(DATA SUPPLIED Opens)
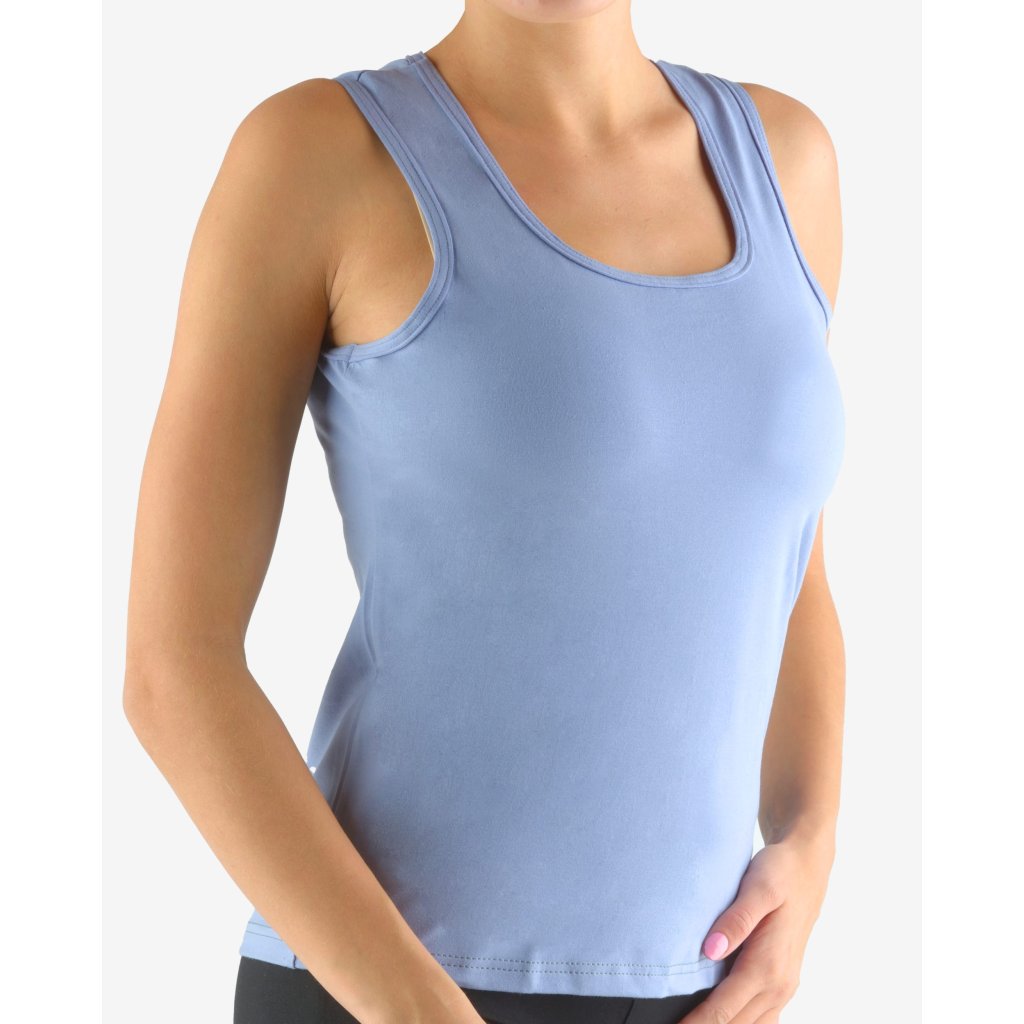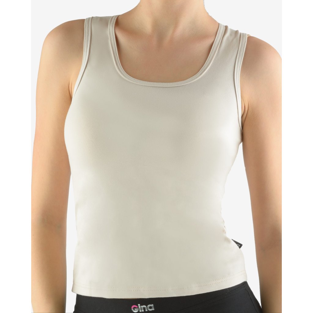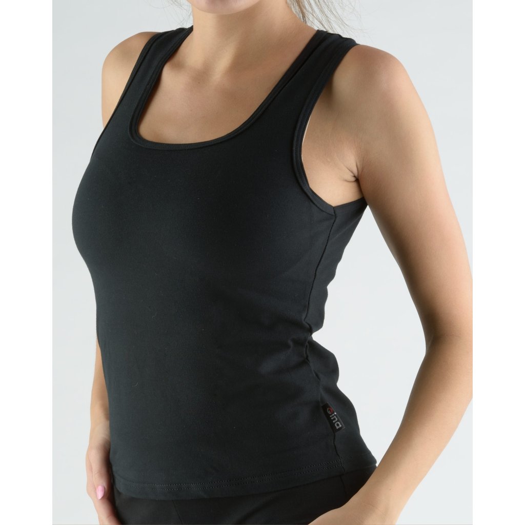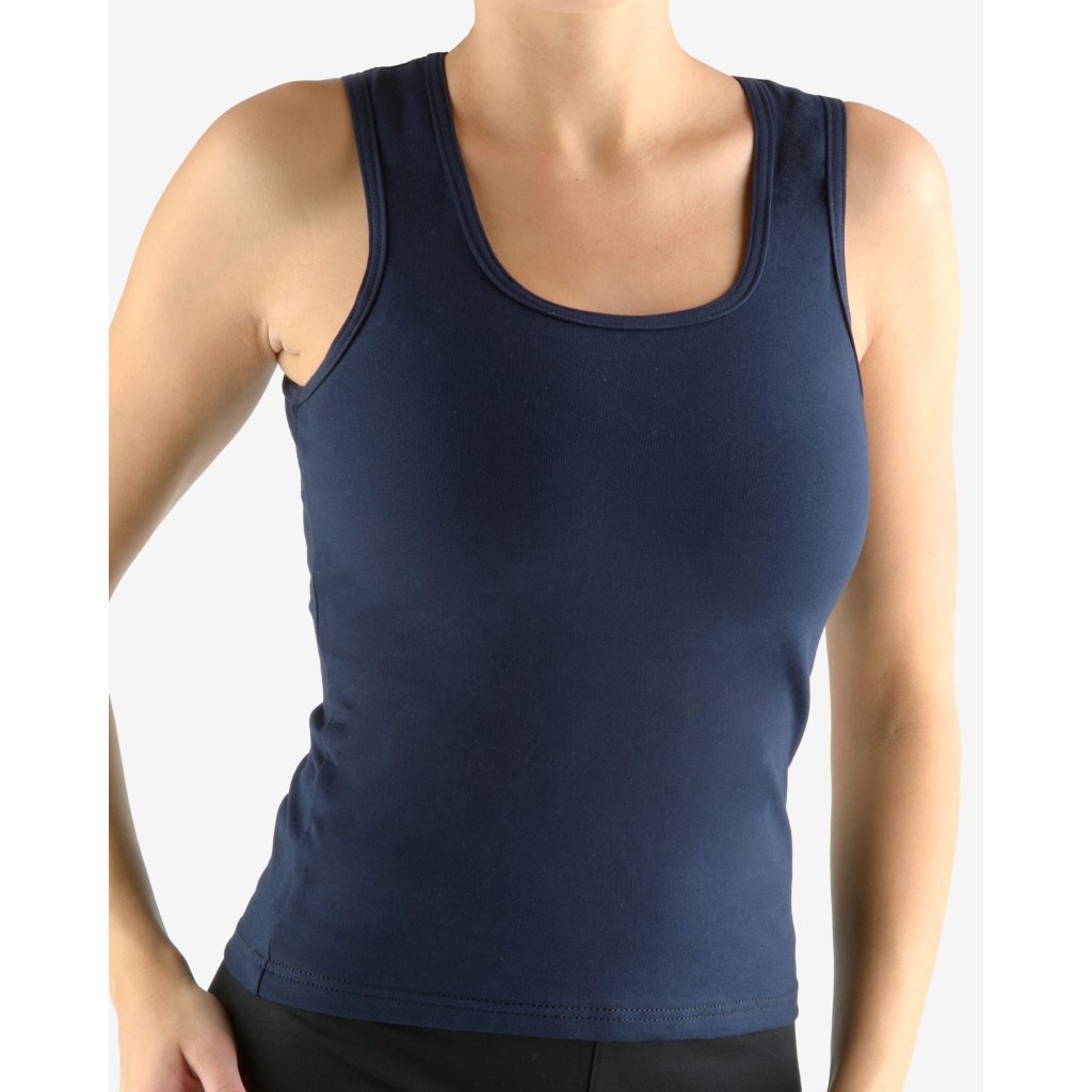 Tílko do pasu se širšími ramínky, dámské šité sportovní prádlo. Průramky a průkrčník jsou začištěny lemovacími proužky. Tílko je jednobarevné. V bočním kraji je všité logo. Materiál je vyroben z bavlny, která je doplněna Lycrou. Úplet je vhodný pro všechny, kteří hledají přírodní materiály. Lycra přidává materiálu pružnost a zlepšuje jeho tvarovou stálost. Prádlo z tohoto materiálu je vhodné pro každodenní nošení.
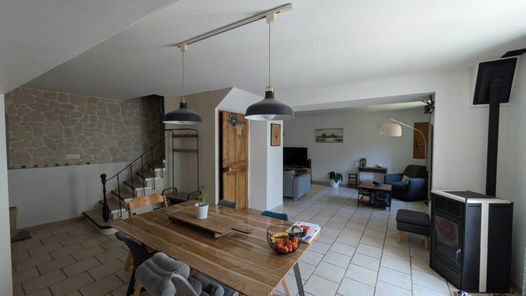 Chauffage : poêle + chauffage électrique à inertie sèche.
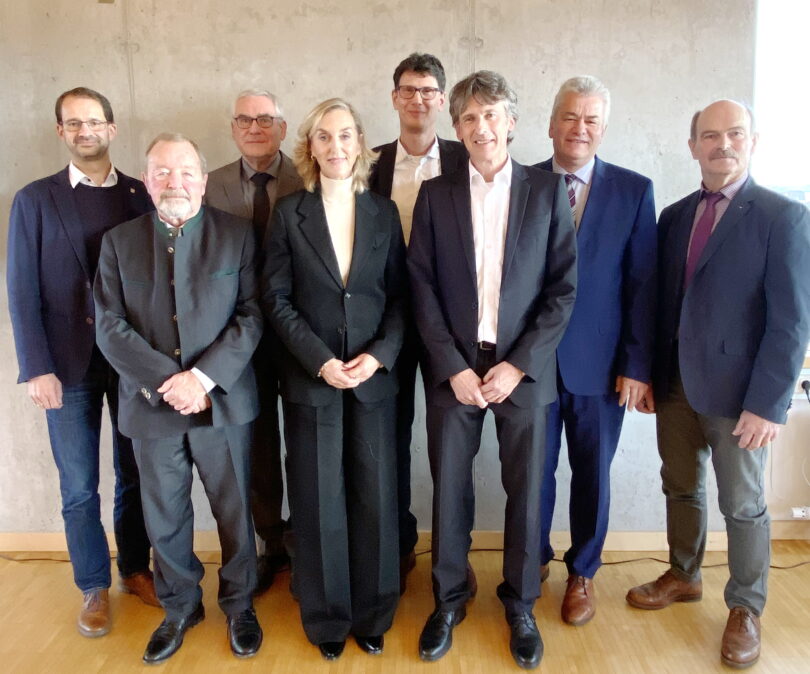 Bericht und Foto: Staatliches Bauamt Rosenheim – v.l.n.r.: Andreas März, Josef Huber, Prof. Christian Schiebel, Doris Lackerbauer, Stefan Leitner, Dr. Hermann Streicher, Prof. Dr.-Ing. Wolfgang Wüst, Alfons Kohl.
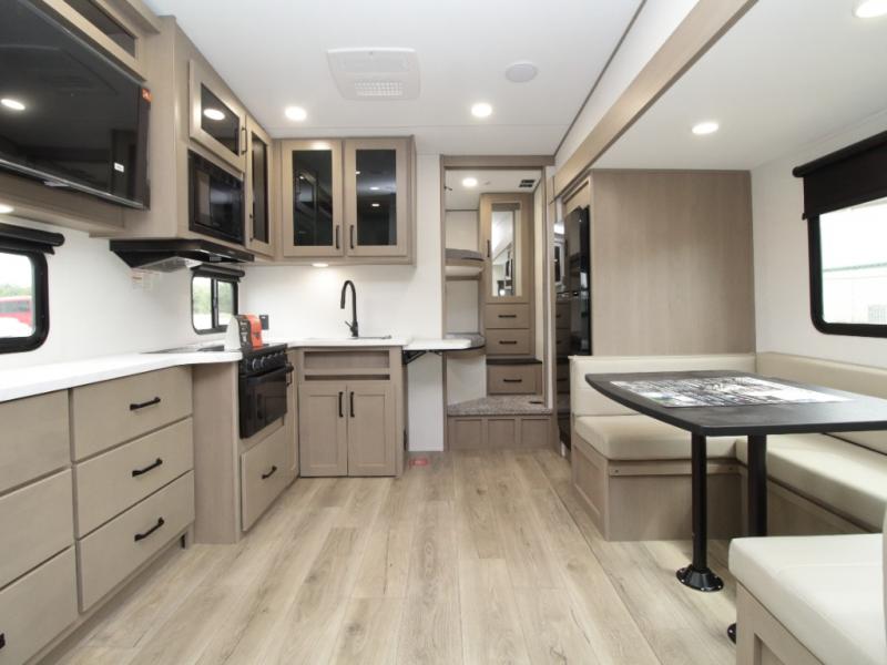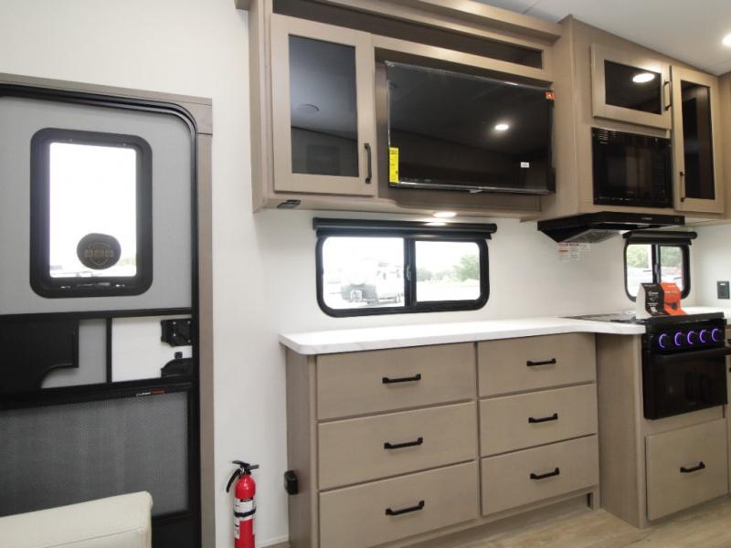 The spacious living area features a 40" HDTV for entertainment, and the kitchen is fully equipped with a 10 cu. ft. 12V refrigerator, three-burner cooktop, microwave, and plenty of counter space. After a day outdoors, refresh in the residential walk-in shower with a large vanity, deep sink, and power vent fan.
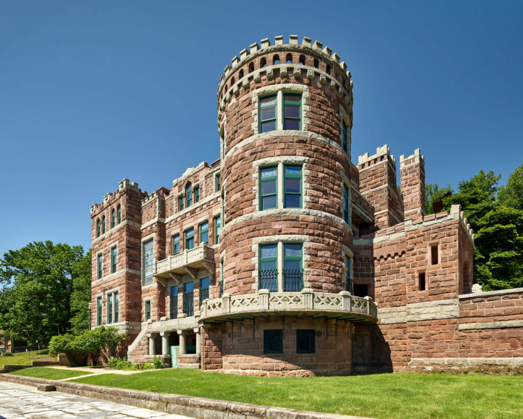 Grand castle-like stone mansion with turrets and arched windows under a clear blue sky This 1892 mansion exemplifies Gilded Age eclecticism, combining elements of medieval castles with Victorian domestic architecture. Built for silk manufacturer Catholina Lambert, the castle commands spectacular views from its hilltop location.
(DATA SUPPLIED Closes)
YOUR INSTRUCTIONS >> Pictures are to be dropped; every line of the records is to be returned unchanged.

COMPLETED TASK >>
 Tílko do pasu se širšími ramínky, dámské šité sportovní prádlo. Průramky a průkrčník jsou začištěny lemovacími proužky. Tílko je jednobarevné. V bočním kraji je všité logo. Materiál je vyroben z bavlny, která je doplněna Lycrou. Úplet je vhodný pro všechny, kteří hledají přírodní materiály. Lycra přidává materiálu pružnost a zlepšuje jeho tvarovou stálost. Prádlo z tohoto materiálu je vhodné pro každodenní nošení.
 Chauffage : poêle + chauffage électrique à inertie sèche.
 Bericht und Foto: Staatliches Bauamt Rosenheim – v.l.n.r.: Andreas März, Josef Huber, Prof. Christian Schiebel, Doris Lackerbauer, Stefan Leitner, Dr. Hermann Streicher, Prof. Dr.-Ing. Wolfgang Wüst, Alfons Kohl.
 The spacious living area features a 40" HDTV for entertainment, and the kitchen is fully equipped with a 10 cu. ft. 12V refrigerator, three-burner cooktop, microwave, and plenty of counter space. After a day outdoors, refresh in the residential walk-in shower with a large vanity, deep sink, and power vent fan.
 Grand castle-like stone mansion with turrets and arched windows under a clear blue sky This 1892 mansion exemplifies Gilded Age eclecticism, combining elements of medieval castles with Victorian domestic architecture. Built for silk manufacturer Catholina Lambert, the castle commands spectacular views from its hilltop location.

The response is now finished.